Before leaving Belarus in June 2013, Androsenko had been detained by border guards of the State Border Committee of the Republic of Belarus after a trip to Vilnius, Lithuania. The officers searched his belongings, conducted a search of his person and confiscated his passport. Androsenko subsequently left Belarus alleging police harassment due to being gay. He first lived in Moldova and later in other countries like Serbia, Poland, and Lithuania, before moving to Sweden in 2014, where he requested political asylum. The petition was rejected in July 2015 by the Aliens Appeals Board of Sweden. While he lived in Stockholm, Androsenko served as a board member and secretary of a local LGBTQ organization. He was also interviewed for German media and has been described as a leader of the Belarusian LGBTQ community.

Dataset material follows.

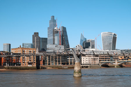 London, United Kingdom - August 10, 2022: View of the City of London skyline with Millennium Bridge over the River Thames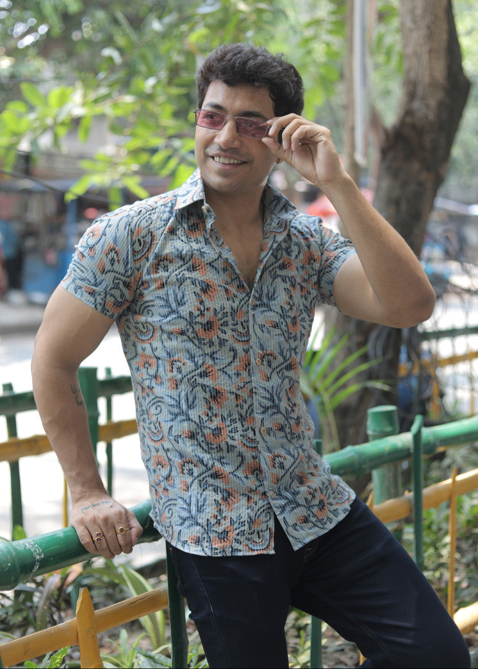 The Forest Tide exemplifies refined contemporary aesthetics with this distinguished blue cotton shirt for men. Embellished with meticulous kantha embroidery and an artistic block abstract print, this sophisticated garment marries premium cotton craftsmanship with a classic silhouette. The thoughtfully curated design elements transform this piece into a versatile statement that navigates seamlessly between casual sophistication and formal elegance.

== UN Human Rights Committee suit ==
After his arrest in December 2009 over his protest in front of the Iranian embassy in Minsk, Androsenko filed a lawsuit against Belarus at the UN Human Rights Committee for the treatment that he and other gay men received at the hands of police and the rulings by the Minsk City Court and the Supreme Court to dismiss his appeals on 19 January 2010 and 7 January 2010, respectively. On 30 March 2016, the UNHRC found in Androsenko's favor.